Elise had an unexpected opportunity to share lunch with NSF Director Arden Bement, Jr., during his visit to Wilson Laboratory to learn about the particle physics and x-ray science programs. Elise joined three Cornell graduate students who gave five minute presentations on their work. She demonstrated nicely the high level of complexity undergraduate projects could achieve, as well as how excited and grateful she was for research opportunities afforded by the NSF-funded REU program.
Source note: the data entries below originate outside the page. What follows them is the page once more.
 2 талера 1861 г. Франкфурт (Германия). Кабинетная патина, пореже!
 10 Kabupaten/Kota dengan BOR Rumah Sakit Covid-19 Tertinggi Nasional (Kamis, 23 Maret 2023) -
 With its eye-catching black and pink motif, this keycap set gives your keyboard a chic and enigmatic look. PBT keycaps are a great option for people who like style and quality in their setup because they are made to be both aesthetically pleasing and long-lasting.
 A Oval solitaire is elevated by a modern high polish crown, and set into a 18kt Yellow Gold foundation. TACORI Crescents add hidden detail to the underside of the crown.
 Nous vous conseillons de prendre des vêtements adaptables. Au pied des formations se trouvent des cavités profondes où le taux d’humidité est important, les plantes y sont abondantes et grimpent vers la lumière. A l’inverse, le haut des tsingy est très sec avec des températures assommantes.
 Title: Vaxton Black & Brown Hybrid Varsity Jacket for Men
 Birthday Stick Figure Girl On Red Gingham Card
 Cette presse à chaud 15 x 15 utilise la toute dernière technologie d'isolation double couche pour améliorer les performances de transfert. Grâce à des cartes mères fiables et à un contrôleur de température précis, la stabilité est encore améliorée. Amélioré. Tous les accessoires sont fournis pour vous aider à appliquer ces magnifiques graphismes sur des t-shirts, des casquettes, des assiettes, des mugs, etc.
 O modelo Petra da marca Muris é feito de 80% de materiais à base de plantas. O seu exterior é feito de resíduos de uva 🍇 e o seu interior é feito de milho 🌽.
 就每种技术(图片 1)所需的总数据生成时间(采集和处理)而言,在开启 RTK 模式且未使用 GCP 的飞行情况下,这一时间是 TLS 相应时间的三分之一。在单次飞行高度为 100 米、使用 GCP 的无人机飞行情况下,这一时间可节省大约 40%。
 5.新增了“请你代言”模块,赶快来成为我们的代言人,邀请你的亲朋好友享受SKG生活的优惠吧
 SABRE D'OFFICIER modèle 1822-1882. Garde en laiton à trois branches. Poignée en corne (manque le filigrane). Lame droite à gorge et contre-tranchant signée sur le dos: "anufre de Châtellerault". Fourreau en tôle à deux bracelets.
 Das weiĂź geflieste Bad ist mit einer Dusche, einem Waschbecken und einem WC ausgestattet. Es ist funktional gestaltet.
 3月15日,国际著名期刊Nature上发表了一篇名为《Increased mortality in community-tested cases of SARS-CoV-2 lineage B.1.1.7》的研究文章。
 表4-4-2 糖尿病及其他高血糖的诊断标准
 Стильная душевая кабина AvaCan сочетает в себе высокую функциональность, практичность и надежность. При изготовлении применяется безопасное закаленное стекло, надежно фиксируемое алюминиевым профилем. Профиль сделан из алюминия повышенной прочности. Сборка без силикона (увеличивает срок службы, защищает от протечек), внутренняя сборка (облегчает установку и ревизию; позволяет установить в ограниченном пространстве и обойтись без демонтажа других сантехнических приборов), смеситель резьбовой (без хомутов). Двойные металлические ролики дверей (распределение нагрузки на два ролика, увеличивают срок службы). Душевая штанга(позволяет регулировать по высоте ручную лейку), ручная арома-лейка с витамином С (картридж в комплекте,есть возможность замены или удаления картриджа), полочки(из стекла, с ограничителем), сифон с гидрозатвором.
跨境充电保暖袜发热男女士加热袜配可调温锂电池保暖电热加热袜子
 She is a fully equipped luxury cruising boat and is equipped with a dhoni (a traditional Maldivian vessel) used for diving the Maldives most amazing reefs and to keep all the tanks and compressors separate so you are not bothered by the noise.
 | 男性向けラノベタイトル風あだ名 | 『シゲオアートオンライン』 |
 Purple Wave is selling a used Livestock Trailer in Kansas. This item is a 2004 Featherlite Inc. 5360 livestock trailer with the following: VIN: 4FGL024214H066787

In total, five REU undergraduates worked on this first-of-its-kind ERL x-ray source. In addition to Elise and Tory, Michael Antosh, from the University of New Hampshire, spoke at the technical design meeting about “Design of a Multicell Superconducting Cavity for the Cornell ERL Main Linac.” Michael also worked with mentor Liepe. Ivan Bazarov, research associate and head of the diagnostics team for the ERL prototype construction project, was mentor to two undergraduates: Michael Rosenman, from Carnegie Mellon University, studied “In-situ Modeling of the ERL Injector” and Colwyn Gulliford, from New College of Florida, developed “Study of Interceptive Emittance Diagnostics”.
Hoffstaetter, who supervised Tory Carr, also organizes the weekly technical design group meeting where the students presented their reports. He opened the meeting admitting that he started the summer with “some doubts” about the merits of having so many undergraduates working at once. Over the course of the summer, he confessed, his doubts have been cleanly erased.